5. Lo que piden son narraciones de
ritmo rápido. Siempre debe estar «sucediendo» algo. Sus críticas más comunes se
refieren a la «lentitud», al «detallismo», etc., de las obras que rechazan.
No es difícil descubrir el origen de
todo esto. Así como el oyente que no sabe escuchar música sólo se interesa por
la melodía, el lector sin sensibilidad literaria sólo se interesa por los
hechos. El primero descarta casi todos los sonidos que la orquesta produce
realmente: lo único que quiere es tararear la melodía. El segundo descarta casi
todo lo que hacen las palabras que tiene ante sus ojos: lo único que quiere es
saber qué sucedió después.
Sólo lee relatos porque únicamente en
ellos puede encontrar hechos. Es sordo para el aspecto auditivo de lo que lee
porque el ritmo y la melodía no le sirven para descubrir quién se casó con (o
salvó, robó, violó o asesinó a) quién. Le gustan las «tiras» y los filmes donde
casi no se habla porque en ellos nada se interpone entre él y los hechos. Y les
gusta la rapidez porque en un relato muy rápido sólo hay hechos.
Sus preferencias estilísticas requieren
un comentario más extenso. Podría parecer que se tratase en este caso de un
gusto por lo malo como tal, por lo malo en virtud de su maldad. Sin embargo,
creo que no es así.
Tenemos la impresión de que nuestro
juicio sobre el estilo de una persona, palabra por palabra y oración por
oración, es instantáneo. Sin embargo, siempre es posterior, por infinitesimal
que sea el intervalo, al efecto que las palabras y las oraciones producen en
nosotros. Cuando leemos en Milton la expresión «sombra escaqueada» en seguida
imaginamos cierta distribución de las luces y de las sombras, que se nos
aparece con una intensidad e inmediatez desacostumbradas, produciéndonos
placer. Por tanto, concluimos que la expresión «sombra escaqueada» es un
ejemplo de buen estilo. El resultado demuestra la excelencia de los medios
utilizados. La claridad del objeto demuestra la calidad de la lente con que lo
miramos. Si, en cambio, leemos el pasaje del final de Guy Mannering,
donde el héroe contempla el cielo y ve los planetas «rodando en su líquida
órbita de luz», la imagen de los planetas rodando ante los ojos, o de las
órbitas visibles, es tan ridícula que ni siquiera intentamos construirla.

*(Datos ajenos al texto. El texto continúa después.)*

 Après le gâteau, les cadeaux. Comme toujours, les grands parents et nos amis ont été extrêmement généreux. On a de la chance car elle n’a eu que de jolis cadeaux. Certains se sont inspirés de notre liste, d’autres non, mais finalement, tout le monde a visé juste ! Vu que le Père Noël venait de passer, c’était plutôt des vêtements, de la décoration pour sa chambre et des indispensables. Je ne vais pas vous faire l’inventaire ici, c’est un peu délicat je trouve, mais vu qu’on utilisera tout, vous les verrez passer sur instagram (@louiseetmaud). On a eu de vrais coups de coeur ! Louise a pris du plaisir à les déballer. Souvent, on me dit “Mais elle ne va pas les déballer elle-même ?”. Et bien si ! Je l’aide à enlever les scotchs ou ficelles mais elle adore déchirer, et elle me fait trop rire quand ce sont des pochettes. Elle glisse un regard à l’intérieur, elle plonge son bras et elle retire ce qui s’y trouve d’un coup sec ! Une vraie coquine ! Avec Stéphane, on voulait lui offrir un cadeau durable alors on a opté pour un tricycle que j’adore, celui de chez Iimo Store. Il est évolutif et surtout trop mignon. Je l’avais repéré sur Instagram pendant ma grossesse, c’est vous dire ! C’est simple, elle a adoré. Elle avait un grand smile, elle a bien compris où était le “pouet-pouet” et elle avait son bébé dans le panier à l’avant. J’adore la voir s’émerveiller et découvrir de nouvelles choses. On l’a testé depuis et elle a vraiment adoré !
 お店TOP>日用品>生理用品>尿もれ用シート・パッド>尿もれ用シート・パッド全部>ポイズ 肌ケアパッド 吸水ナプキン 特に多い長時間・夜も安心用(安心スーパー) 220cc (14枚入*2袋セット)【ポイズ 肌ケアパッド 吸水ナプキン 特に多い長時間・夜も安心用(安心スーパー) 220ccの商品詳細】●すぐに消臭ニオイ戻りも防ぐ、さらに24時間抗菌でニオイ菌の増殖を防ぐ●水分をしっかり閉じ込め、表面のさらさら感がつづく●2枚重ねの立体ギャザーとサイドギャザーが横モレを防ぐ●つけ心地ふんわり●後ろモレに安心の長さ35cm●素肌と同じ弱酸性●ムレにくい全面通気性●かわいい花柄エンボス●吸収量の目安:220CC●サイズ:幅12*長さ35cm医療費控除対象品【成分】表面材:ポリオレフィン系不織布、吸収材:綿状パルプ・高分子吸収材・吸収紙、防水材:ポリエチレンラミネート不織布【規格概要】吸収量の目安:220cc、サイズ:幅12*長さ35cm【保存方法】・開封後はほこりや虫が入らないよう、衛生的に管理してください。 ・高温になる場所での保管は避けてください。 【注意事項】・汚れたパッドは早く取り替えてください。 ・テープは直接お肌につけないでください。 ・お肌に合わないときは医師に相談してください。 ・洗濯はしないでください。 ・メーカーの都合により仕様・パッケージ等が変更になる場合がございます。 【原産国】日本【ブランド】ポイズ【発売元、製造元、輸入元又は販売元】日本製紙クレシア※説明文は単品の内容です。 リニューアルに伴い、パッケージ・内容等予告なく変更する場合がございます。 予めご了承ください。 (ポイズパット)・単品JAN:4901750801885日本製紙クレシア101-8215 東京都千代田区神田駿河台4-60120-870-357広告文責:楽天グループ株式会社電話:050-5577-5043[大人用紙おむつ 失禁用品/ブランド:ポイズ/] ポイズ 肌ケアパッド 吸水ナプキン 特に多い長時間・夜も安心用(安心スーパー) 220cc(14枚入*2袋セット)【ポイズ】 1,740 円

Aunque interpretásemos que órbitas no es el término deseado, sino orbes, la
cosa no mejoraría, porque a simple vista los planetas no son orbes o esferas,
ni siquiera discos. Lo único que encontramos es confusión. Por tanto, decimos
que ese pasaje de Scott está mal escrito. La lente es mala porque no podemos
ver a través de ella. Análogamente, cada oración que leemos proporciona o no
satisfacción a nuestro oído interior. Sobre la base de esta experiencia
declaramos que el ritmo del autor es bueno o malo.
Cabe señalar que todas las experiencias
en que se basan nuestros juicios dependen de que tomemos en serio las palabras.

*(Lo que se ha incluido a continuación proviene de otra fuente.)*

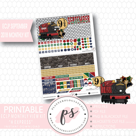 H Express (Harry Potter) September 2018 Monthly View Kit Digital Printable Planner Stickers (for Standard A5 Wide Monthly 1.6" Width Date Boxes)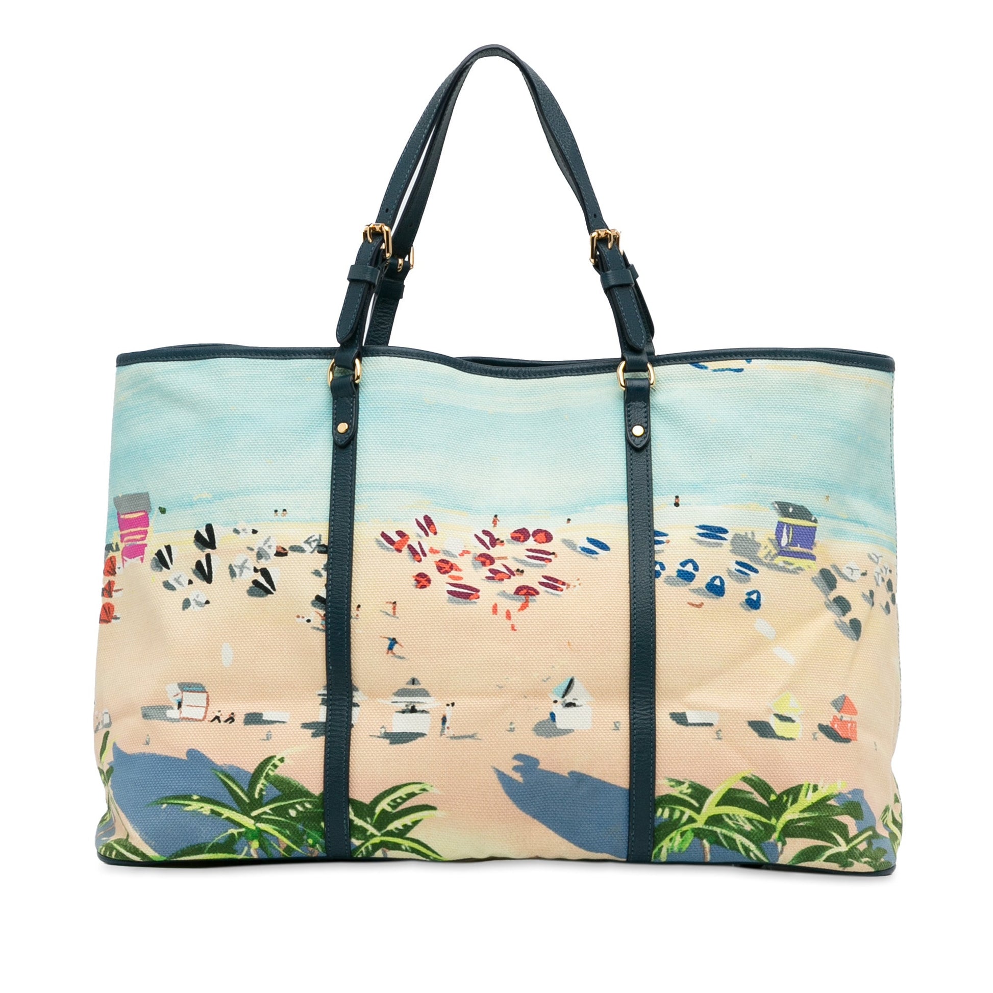 Product Details: Blue Louis Vuitton Ailleurs Cabas Promenade GM Tote Bag. The Ailleurs Cabas Promenade GM features a printed canvas body with leather trim, adjustable flat leather straps, and an open top with clasp closure. 16.9" L x 21.7" W x 8.7" D, 4.7" drop. Serial number FO0181.

Si no prestamos plena atención tanto al sonido como al sentido, si no estamos
sumisamente dispuestos a concebir, imaginar y sentir lo que las palabras nos
sugieren, seremos incapaces de tener esas experiencias. Si no tratamos
realmente de mirar la lente, no podremos descubrir si ésta es buena o mala.
Nunca podremos saber si un texto es malo, a menos que hayamos empezado por
tratar de leerlo como si fuese bueno, para luego descubrir que con ello el
autor estaba recibiendo un cumplido que no merecía. En cambio, el mal lector
nunca está dispuesto a prodigar a las palabras más que el mínimo de atención
que necesita para extraer del texto los hechos. La mayoría de las cosas que
proporciona la buena literatura —y que la mala no proporciona— son cosas que
ese lector no desea y con las que no sabe qué hacer.
Por eso no valora el buen estilo. Por
eso, también, prefiere el mal estilo. Los dibujos de las «tiras» no necesitan
ser buenos: si lo fuesen, su calidad constituiría incluso un obstáculo. Porque
cualquier persona u objeto ha de poder reconocerse en ellos de inmediato y sin
esfuerzo. Las figuras no están para ser examinadas en detalle sino para ser
comprendidas como proposiciones; apenas se diferencian de los jeroglíficos.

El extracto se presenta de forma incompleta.